Out on the leaves, using the energy of the Sun, carbon from the atmosphere and hydrogen from water bonded in matrimony. The jilted oxygen floated away where it eventually got up the nose of a passing economist.

This triggered a fiscal epiphany and he reeled from the sheer immensity of it all. The trees were growing for nothing! He could buy them and they’d keep on growing all by themselves.

Then, for this was the best part, he could sell them for woodchips and they’d eventually come back to him as a cardboard carton wrapped around the new plasma television he’d be able to afford with the proceeds.

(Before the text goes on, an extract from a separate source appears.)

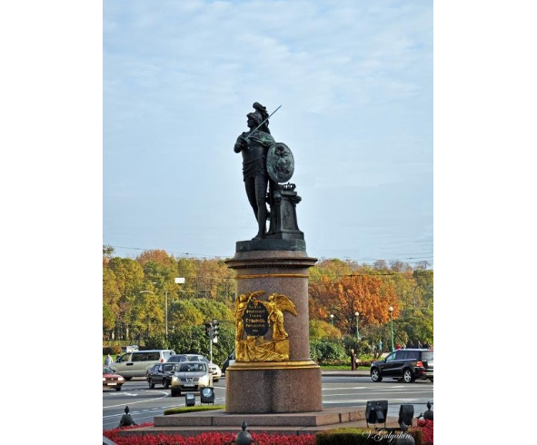Перед нами первый в России монумент, установленный в честь некоронованной особы. Памятник (скульптор М. Козловский, при участии архитекторов К. Росси и А. Воронихина) был сооружён в 1801 году, по высочайшему повелению Императора Павла I, и являет собой бронзовую фигуру Суворова на гранитном пьедестале. Портретного сходства, конечно же, нет, – мы видим аллегорическое изображение древнегреческого воина, – да разве ж в сходстве дело?! Нет, – дело в благодарной памяти!

“Brilliant,” he thought. “Now I’ll have the funkiest home theatre and all my friends can come over and watch those fab docos about the miracle of life, all in HighDef.”

While Eric, for that was his name, was thinking all this, he was staring at the trees in the park where he was sitting eating his lunch. A figure glided onto the seat next to him.

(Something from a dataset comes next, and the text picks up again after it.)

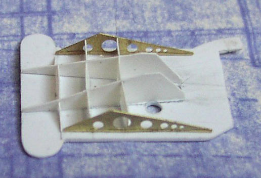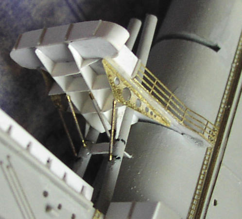 Bracketing on the underside was constructed from styrene sheet and GM PE replacements for parts D24. As with the lower platform described above, to simplify construction – and make a stronger joint - I sawed out the slot in the aft end of the stack into which I could cement the platform, rather than trying to cut an accurate semi-circle in the platform to match the slot.

It was Al the alien who, as you might recall from last week, was stranded on Earth with its saucer sunk in a dam. It was trying to find a spot where it could get coverage to phone home, which isn’t easy when it’s over three mega light-years away.

“I’ve been listening to what you were thinking,” admitted Al. “I must say I find it quite bizarre that you could see your planet’s natural resources in purely monetary terms.

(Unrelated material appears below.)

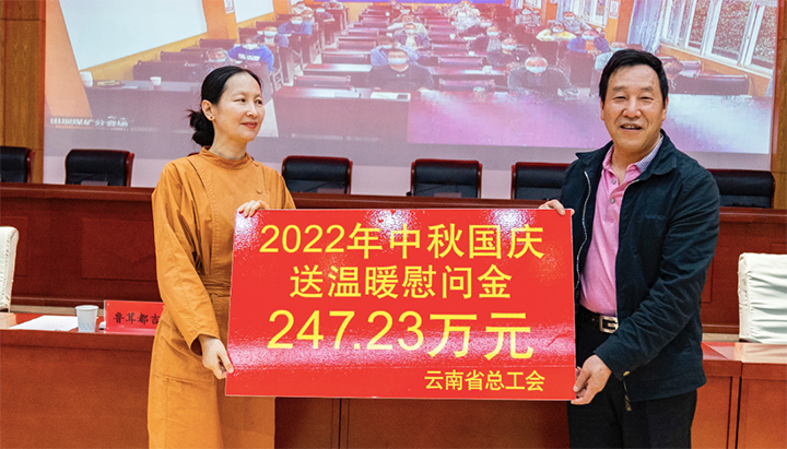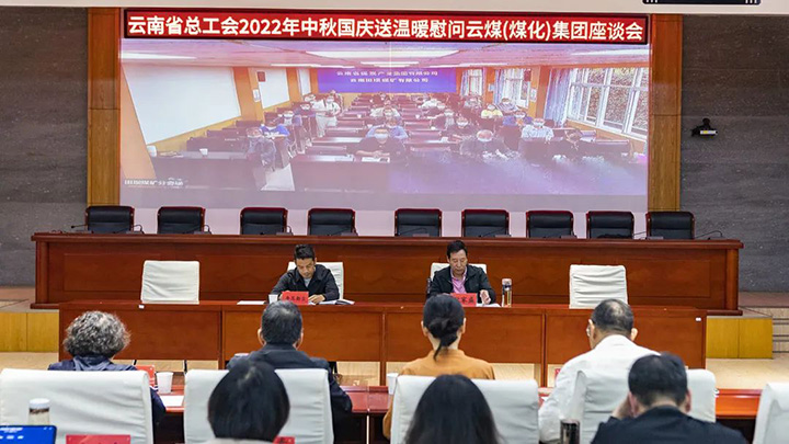 9月15日,云南省总工会兼职副主席、云南冶金昆明重工有限公司首席技师、省劳动模范协会会长耿家盛一行到集团开展以“喜迎二十大 佳节暖人心”为主题的2022年中秋国庆送温暖慰问运动。集团党委委员、财务总监莫晓丹,总部各部分、驻昆单位职工代表在集团总部主会场,田坝煤矿有限公司分会场的困难劳模、困难职工代表以视频形式加入慰问运动。

“What about all the animals, insects and birds that live there and contribute to bio-diversity? If you want wood, why not grow it somewhere else?”

Eric spluttered through his sandwich. “Wow girlie, what planet are you coming from?”

“Never you mind,” continued the alien. “From where we vibrate, we can see where you lot are going wrong. You’ve got a nice place here but you don’t seem to put a high enough value on it.

“Protecting the natural environment and supporting it with sustainable energy infrastructure is the only real way to safeguard your planet’s well-being.

“If you put your faith in economic prosperity, rather than the environment, all I can tell you is: one minute you might be rich, and the next ...”

‘FOOP’, and it disappeared.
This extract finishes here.